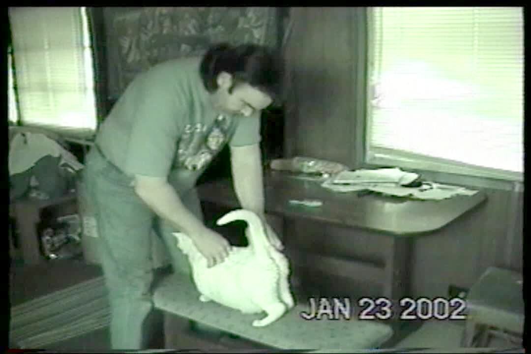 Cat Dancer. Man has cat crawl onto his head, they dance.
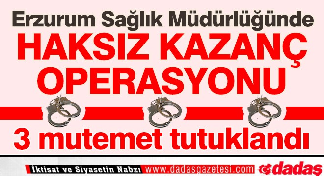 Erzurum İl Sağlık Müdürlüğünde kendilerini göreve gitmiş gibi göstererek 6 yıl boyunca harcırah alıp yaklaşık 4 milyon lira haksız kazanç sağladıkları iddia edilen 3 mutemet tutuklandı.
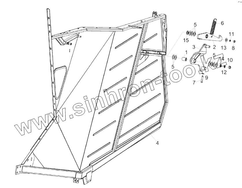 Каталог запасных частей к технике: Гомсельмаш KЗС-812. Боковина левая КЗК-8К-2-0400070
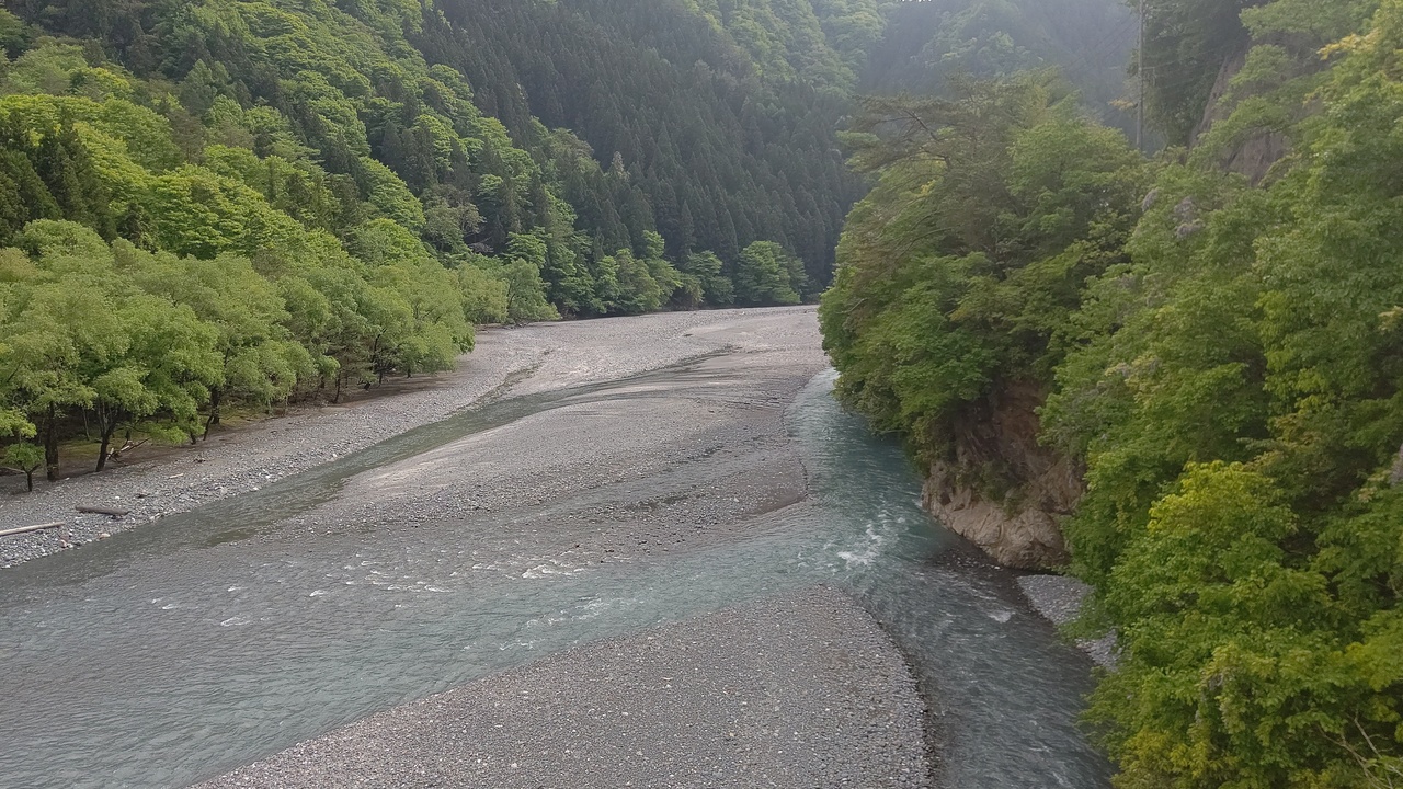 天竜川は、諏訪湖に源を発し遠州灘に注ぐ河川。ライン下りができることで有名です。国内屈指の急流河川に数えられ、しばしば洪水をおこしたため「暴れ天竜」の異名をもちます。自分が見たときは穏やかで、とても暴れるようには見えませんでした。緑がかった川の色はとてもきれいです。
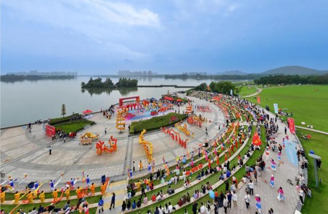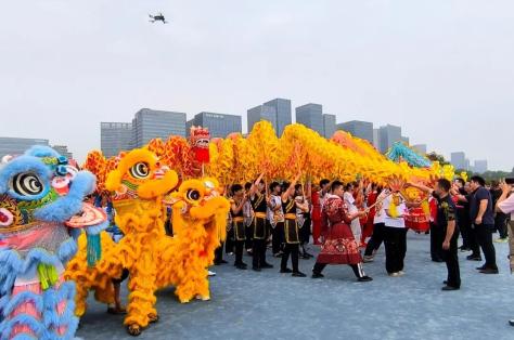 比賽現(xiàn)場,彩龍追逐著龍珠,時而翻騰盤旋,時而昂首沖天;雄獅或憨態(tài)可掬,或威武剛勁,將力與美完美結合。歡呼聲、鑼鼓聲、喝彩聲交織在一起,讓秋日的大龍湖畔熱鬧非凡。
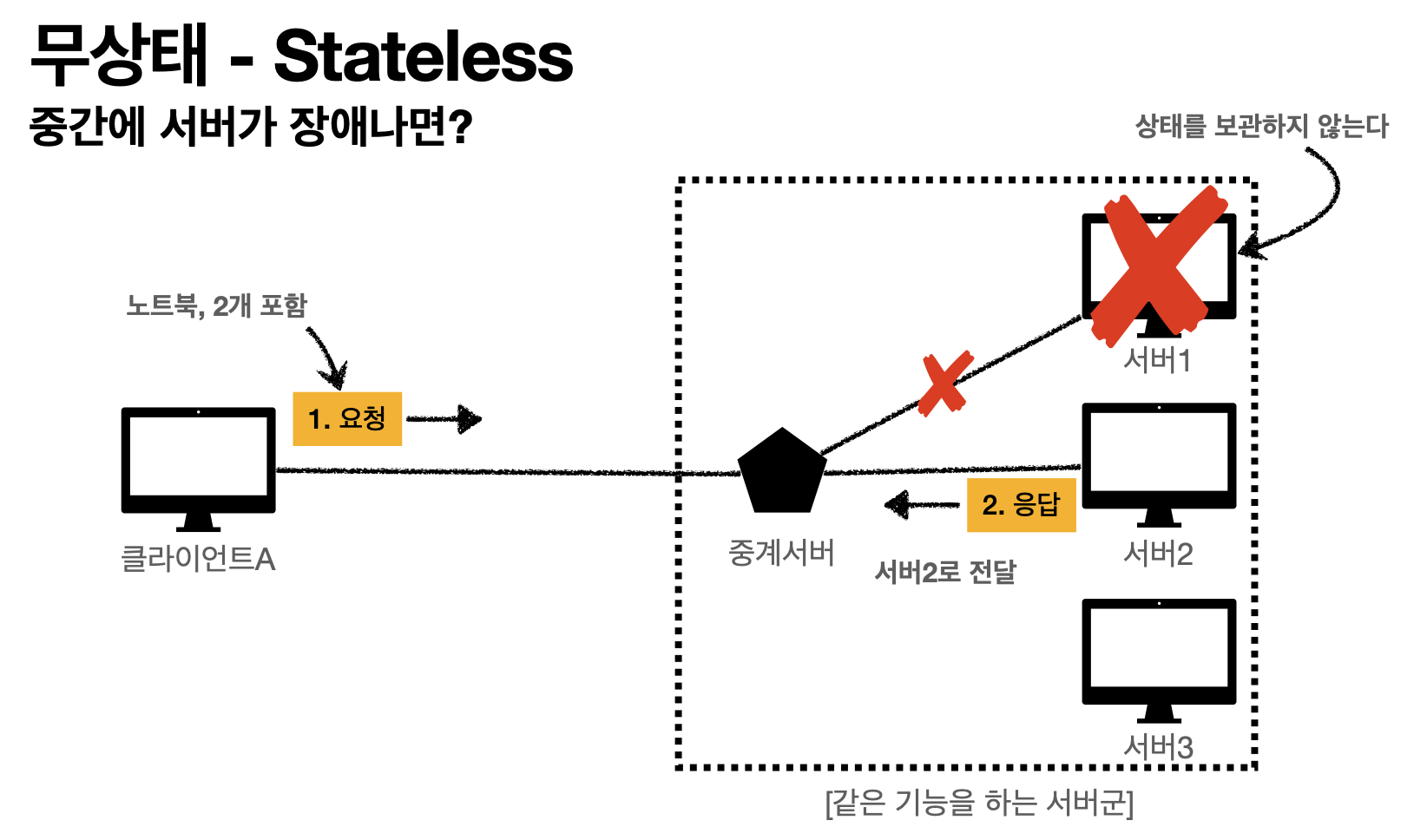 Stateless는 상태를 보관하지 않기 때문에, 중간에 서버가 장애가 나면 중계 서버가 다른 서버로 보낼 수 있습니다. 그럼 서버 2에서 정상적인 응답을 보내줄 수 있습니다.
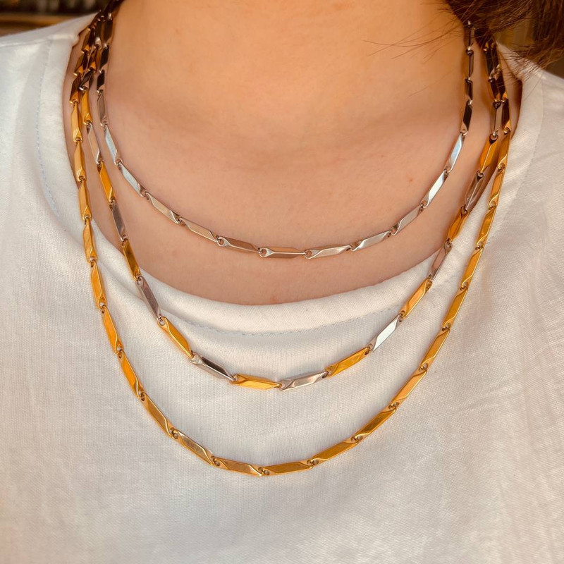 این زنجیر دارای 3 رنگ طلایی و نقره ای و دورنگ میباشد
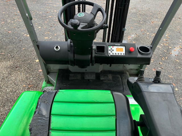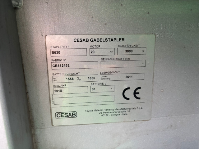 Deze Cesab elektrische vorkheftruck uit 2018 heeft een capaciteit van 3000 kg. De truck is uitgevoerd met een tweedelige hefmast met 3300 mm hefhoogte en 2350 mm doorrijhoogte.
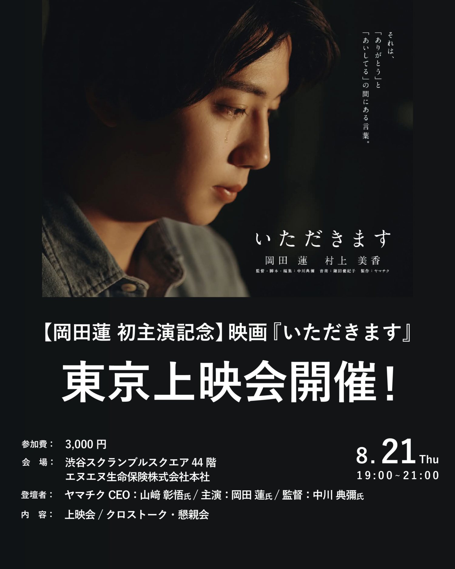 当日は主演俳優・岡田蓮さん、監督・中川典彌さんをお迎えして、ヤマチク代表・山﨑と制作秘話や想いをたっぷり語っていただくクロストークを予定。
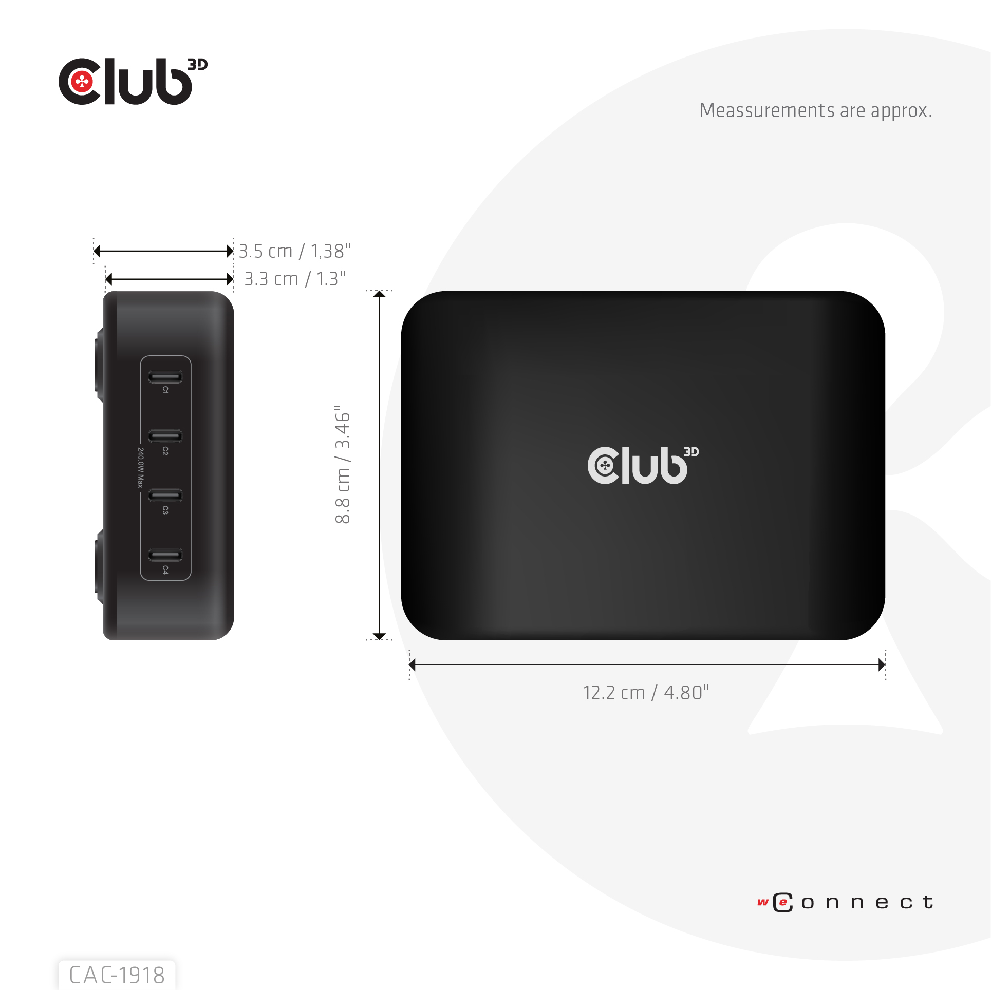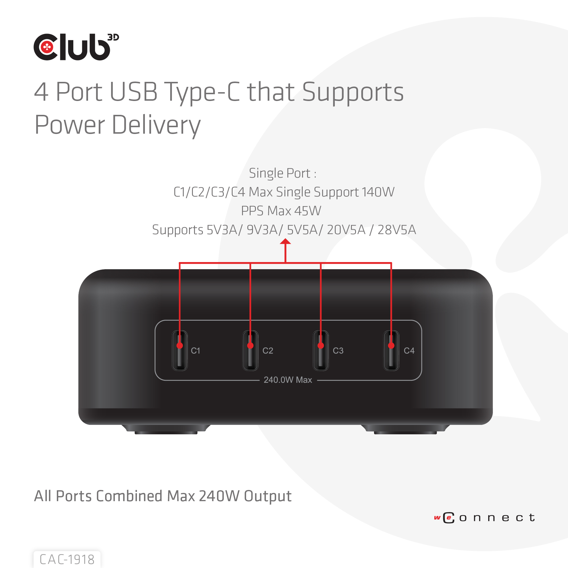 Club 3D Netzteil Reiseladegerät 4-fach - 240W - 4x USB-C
◇ ◇ ◇ ◇ ◇
TASK OBJECTIVE:
Print exactly the lines above that run from the one with "Каталог запасных частей" to the one with "این زنجیر دارای", both included. No pictures.

WRITTEN ANSWER:
 Каталог запасных частей к технике: Гомсельмаш KЗС-812. Боковина левая КЗК-8К-2-0400070
 天竜川は、諏訪湖に源を発し遠州灘に注ぐ河川。ライン下りができることで有名です。国内屈指の急流河川に数えられ、しばしば洪水をおこしたため「暴れ天竜」の異名をもちます。自分が見たときは穏やかで、とても暴れるようには見えませんでした。緑がかった川の色はとてもきれいです。
 比賽現(xiàn)場,彩龍追逐著龍珠,時而翻騰盤旋,時而昂首沖天;雄獅或憨態(tài)可掬,或威武剛勁,將力與美完美結合。歡呼聲、鑼鼓聲、喝彩聲交織在一起,讓秋日的大龍湖畔熱鬧非凡。
 Stateless는 상태를 보관하지 않기 때문에, 중간에 서버가 장애가 나면 중계 서버가 다른 서버로 보낼 수 있습니다. 그럼 서버 2에서 정상적인 응답을 보내줄 수 있습니다.
 این زنجیر دارای 3 رنگ طلایی و نقره ای و دورنگ میباشد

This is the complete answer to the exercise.